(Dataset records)
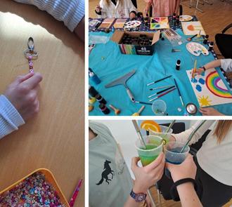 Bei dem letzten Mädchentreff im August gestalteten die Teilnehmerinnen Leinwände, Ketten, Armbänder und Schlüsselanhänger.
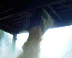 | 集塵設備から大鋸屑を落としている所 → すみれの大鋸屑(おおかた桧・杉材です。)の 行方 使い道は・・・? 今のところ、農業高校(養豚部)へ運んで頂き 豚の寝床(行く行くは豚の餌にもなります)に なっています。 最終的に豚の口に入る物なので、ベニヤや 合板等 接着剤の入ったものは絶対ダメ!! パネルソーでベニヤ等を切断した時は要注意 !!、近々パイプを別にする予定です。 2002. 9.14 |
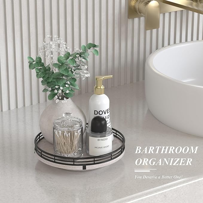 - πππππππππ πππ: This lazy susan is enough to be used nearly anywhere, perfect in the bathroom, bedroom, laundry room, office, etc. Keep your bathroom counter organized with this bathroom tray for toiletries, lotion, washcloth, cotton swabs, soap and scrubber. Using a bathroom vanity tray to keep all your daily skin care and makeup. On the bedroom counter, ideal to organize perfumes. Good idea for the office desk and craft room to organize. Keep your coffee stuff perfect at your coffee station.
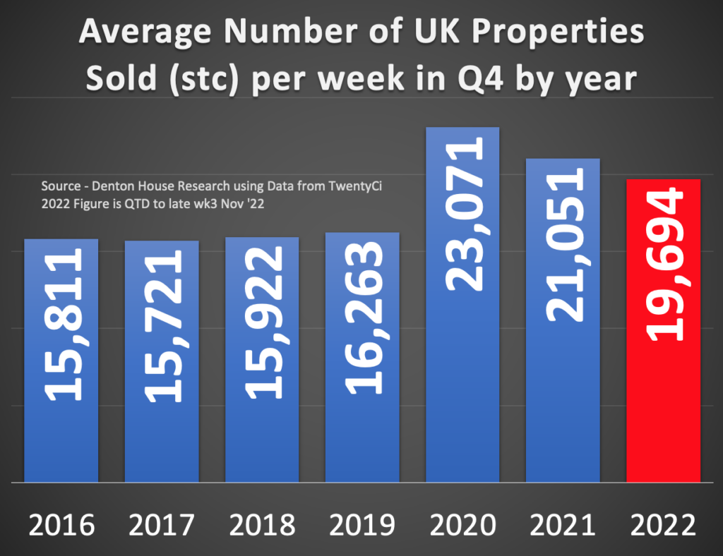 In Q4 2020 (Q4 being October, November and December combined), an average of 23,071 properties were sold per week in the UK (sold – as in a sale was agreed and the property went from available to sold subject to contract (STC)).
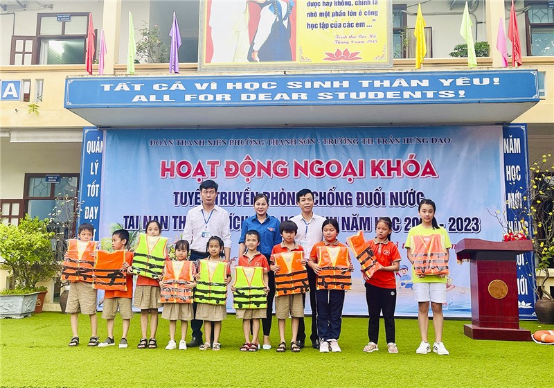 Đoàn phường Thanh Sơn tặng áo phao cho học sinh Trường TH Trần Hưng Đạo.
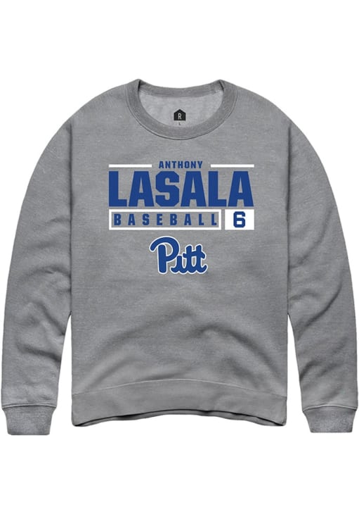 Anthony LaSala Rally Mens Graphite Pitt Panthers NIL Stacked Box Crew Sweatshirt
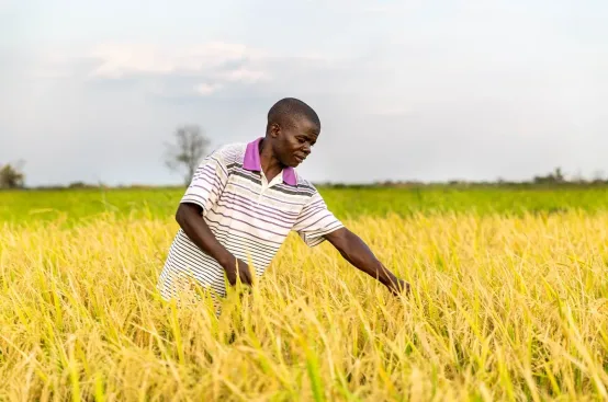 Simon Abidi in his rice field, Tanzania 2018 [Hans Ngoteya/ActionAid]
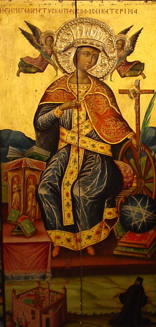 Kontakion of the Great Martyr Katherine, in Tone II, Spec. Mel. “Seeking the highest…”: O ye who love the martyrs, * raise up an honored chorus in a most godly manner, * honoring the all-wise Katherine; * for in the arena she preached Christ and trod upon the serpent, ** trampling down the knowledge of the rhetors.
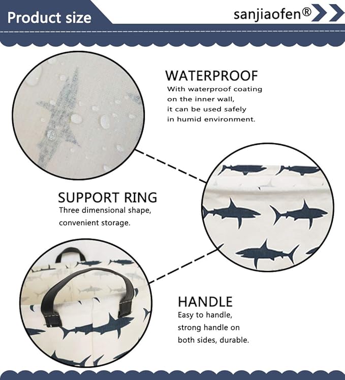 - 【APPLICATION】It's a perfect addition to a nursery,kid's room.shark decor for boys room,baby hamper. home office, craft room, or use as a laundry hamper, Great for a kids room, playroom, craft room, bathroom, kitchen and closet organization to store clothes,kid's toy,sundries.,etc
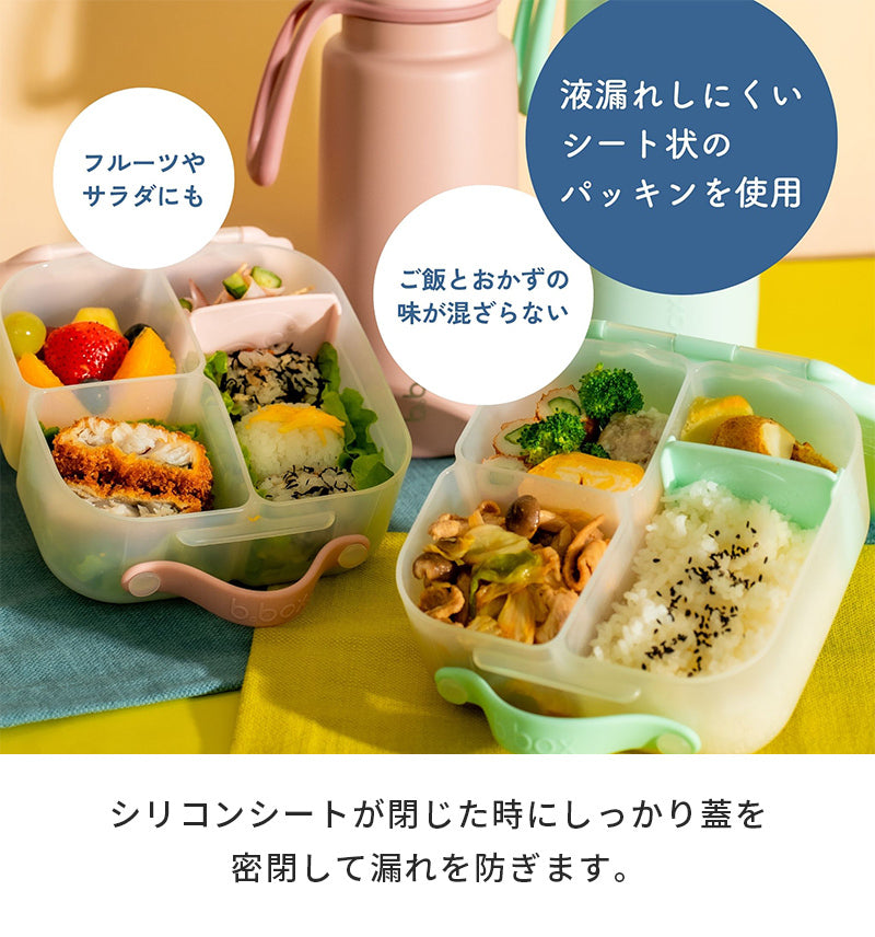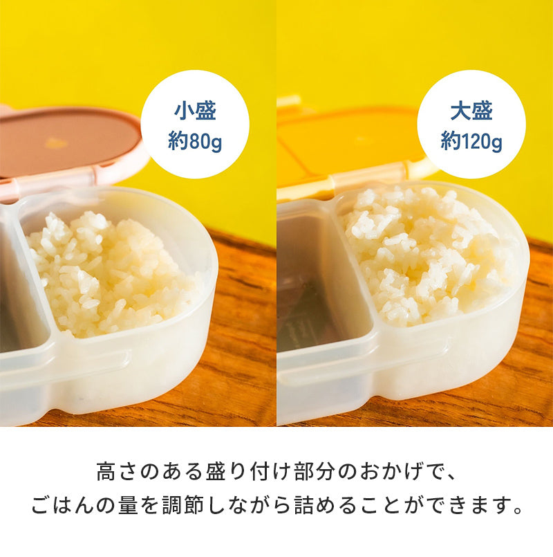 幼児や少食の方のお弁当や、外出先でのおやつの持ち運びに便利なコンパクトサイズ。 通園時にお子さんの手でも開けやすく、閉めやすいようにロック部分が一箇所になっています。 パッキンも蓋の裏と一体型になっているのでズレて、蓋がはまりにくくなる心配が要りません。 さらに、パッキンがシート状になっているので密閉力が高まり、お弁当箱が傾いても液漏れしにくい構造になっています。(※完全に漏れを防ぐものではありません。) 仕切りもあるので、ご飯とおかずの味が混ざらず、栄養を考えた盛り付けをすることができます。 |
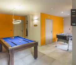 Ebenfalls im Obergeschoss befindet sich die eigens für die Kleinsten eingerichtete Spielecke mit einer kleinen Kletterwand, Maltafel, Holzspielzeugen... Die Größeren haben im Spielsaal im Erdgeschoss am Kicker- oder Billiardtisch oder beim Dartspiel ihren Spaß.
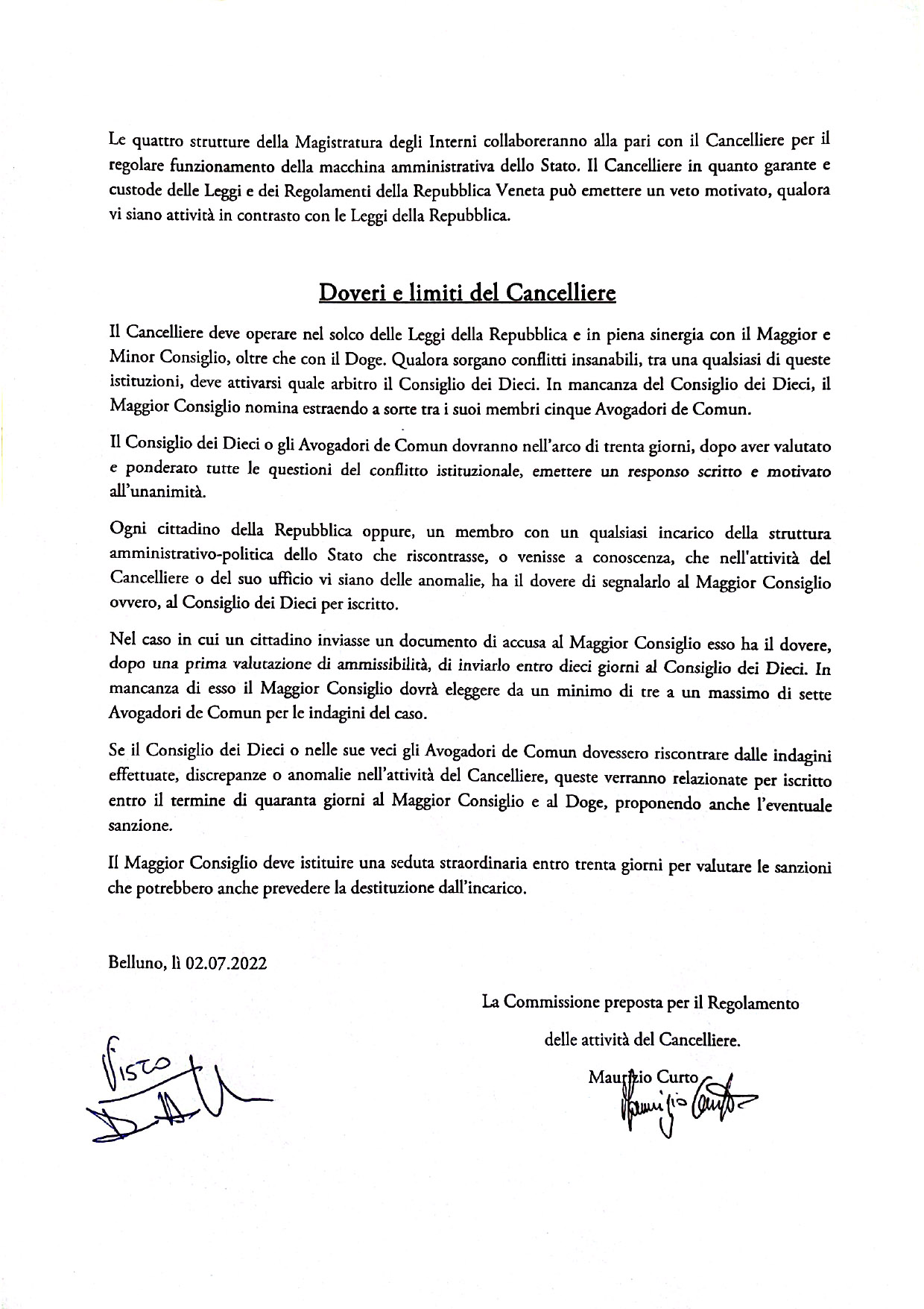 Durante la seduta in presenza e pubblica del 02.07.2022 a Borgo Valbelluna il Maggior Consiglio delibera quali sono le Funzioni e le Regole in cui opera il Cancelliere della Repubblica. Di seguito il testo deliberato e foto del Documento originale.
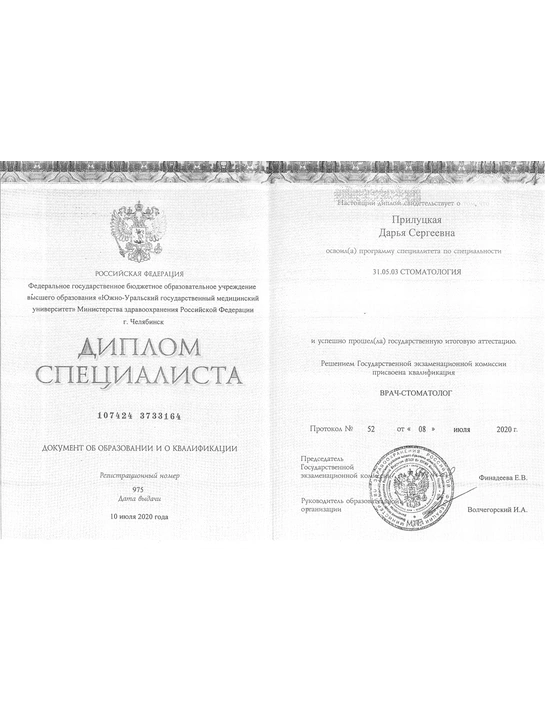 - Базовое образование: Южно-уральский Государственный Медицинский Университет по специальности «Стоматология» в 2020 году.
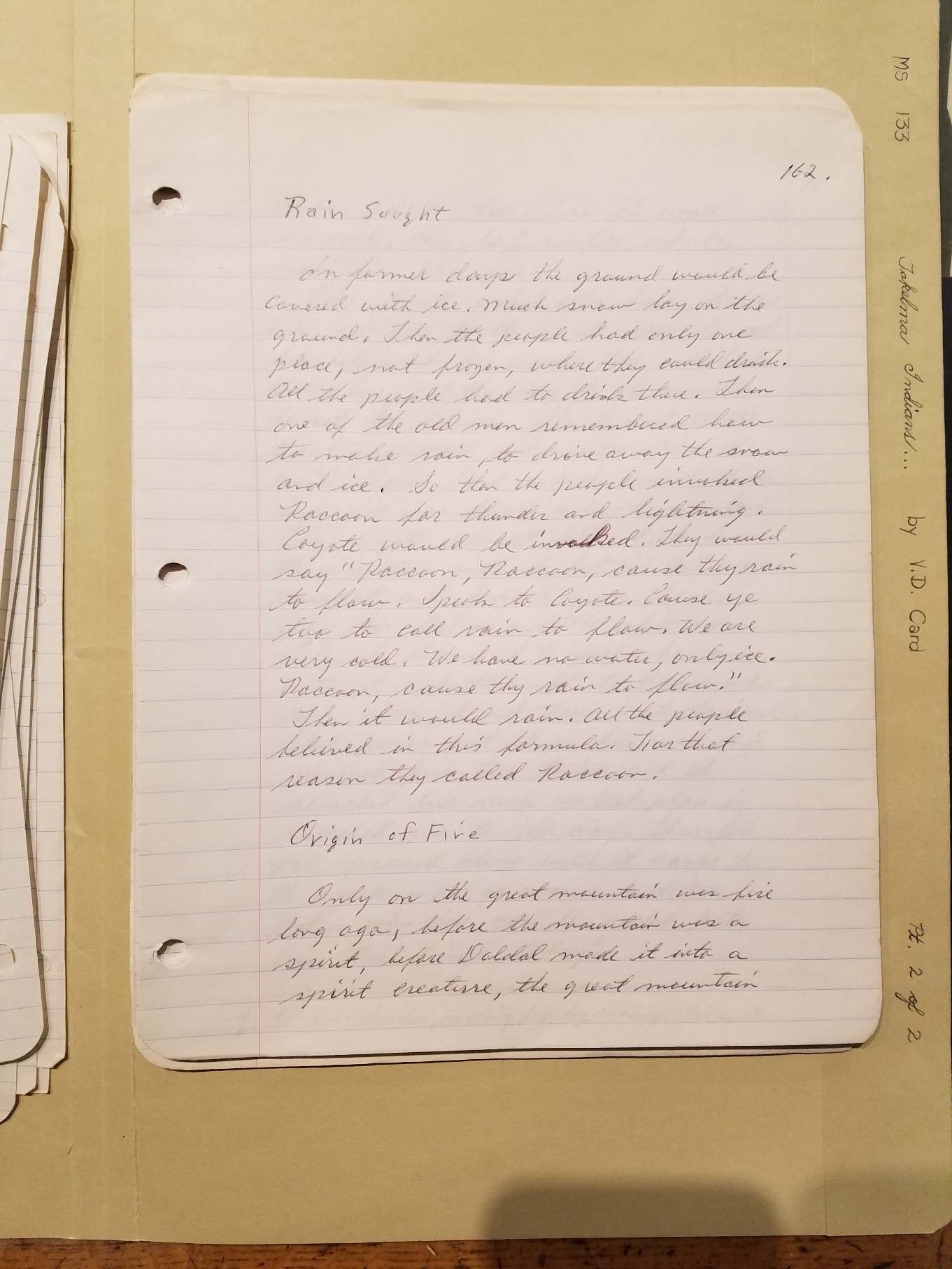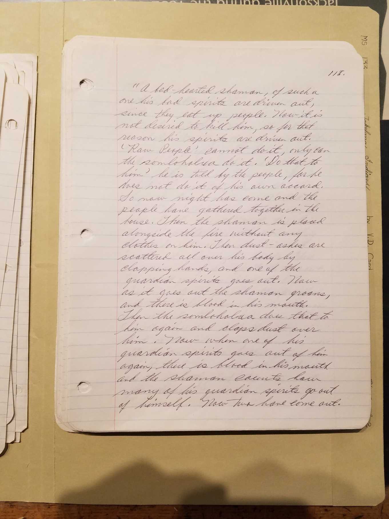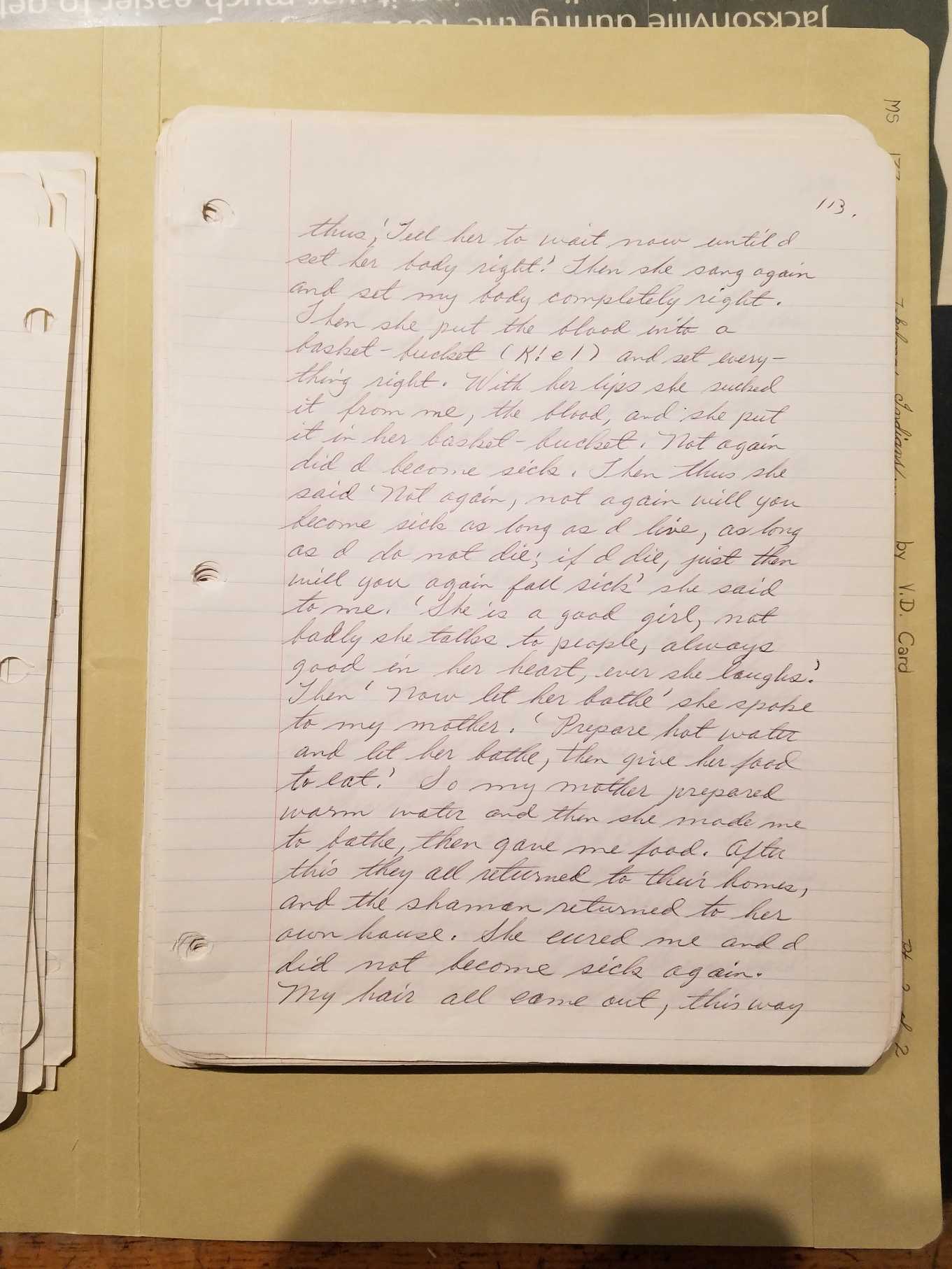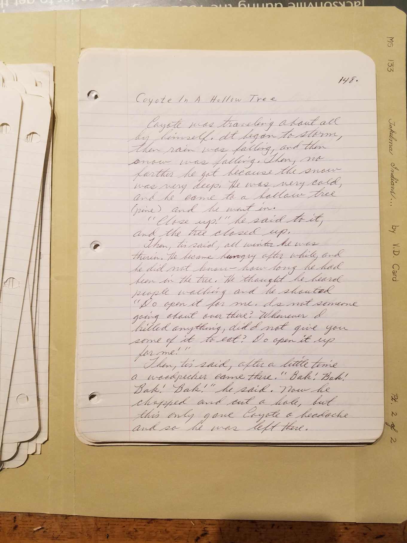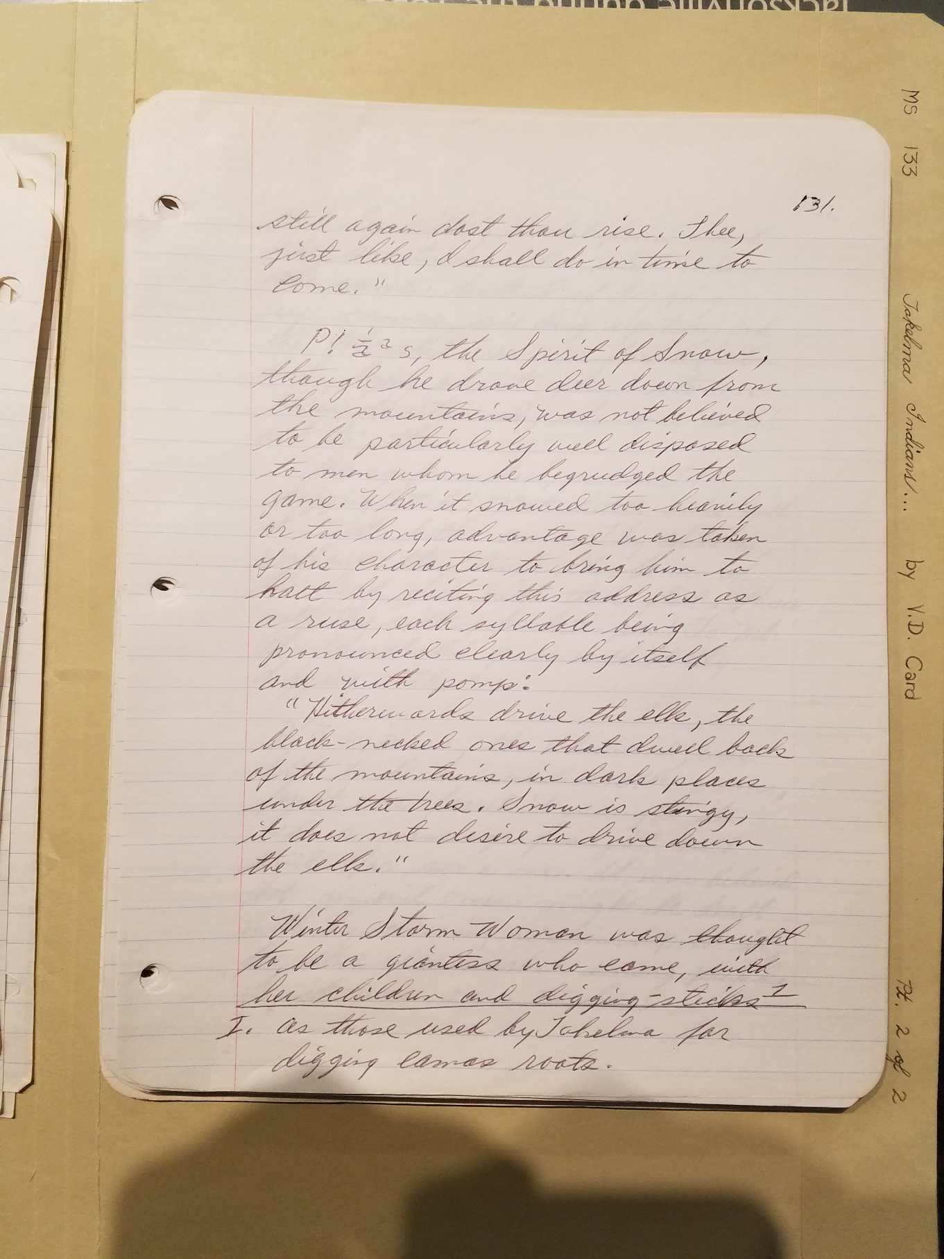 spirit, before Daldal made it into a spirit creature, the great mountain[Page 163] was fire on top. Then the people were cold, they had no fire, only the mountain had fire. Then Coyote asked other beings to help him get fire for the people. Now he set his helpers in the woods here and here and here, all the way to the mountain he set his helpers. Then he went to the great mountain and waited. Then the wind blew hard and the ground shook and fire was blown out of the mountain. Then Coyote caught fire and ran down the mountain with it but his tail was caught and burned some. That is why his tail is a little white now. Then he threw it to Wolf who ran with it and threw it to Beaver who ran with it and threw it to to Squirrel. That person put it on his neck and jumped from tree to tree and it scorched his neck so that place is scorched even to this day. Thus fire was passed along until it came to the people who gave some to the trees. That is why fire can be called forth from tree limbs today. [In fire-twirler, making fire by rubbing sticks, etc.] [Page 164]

▶ _Task_: Where a picture appears, omit it; otherwise reproduce each line above from the first to the one with "- πππππππππ πππ: This", inclusive.

▶ _Task answer_:
 Bei dem letzten Mädchentreff im August gestalteten die Teilnehmerinnen Leinwände, Ketten, Armbänder und Schlüsselanhänger.
 | 集塵設備から大鋸屑を落としている所 → すみれの大鋸屑(おおかた桧・杉材です。)の 行方 使い道は・・・? 今のところ、農業高校(養豚部)へ運んで頂き 豚の寝床(行く行くは豚の餌にもなります)に なっています。 最終的に豚の口に入る物なので、ベニヤや 合板等 接着剤の入ったものは絶対ダメ!! パネルソーでベニヤ等を切断した時は要注意 !!、近々パイプを別にする予定です。 2002. 9.14 |
 - πππππππππ πππ: This lazy susan is enough to be used nearly anywhere, perfect in the bathroom, bedroom, laundry room, office, etc. Keep your bathroom counter organized with this bathroom tray for toiletries, lotion, washcloth, cotton swabs, soap and scrubber. Using a bathroom vanity tray to keep all your daily skin care and makeup. On the bedroom counter, ideal to organize perfumes. Good idea for the office desk and craft room to organize. Keep your coffee stuff perfect at your coffee station.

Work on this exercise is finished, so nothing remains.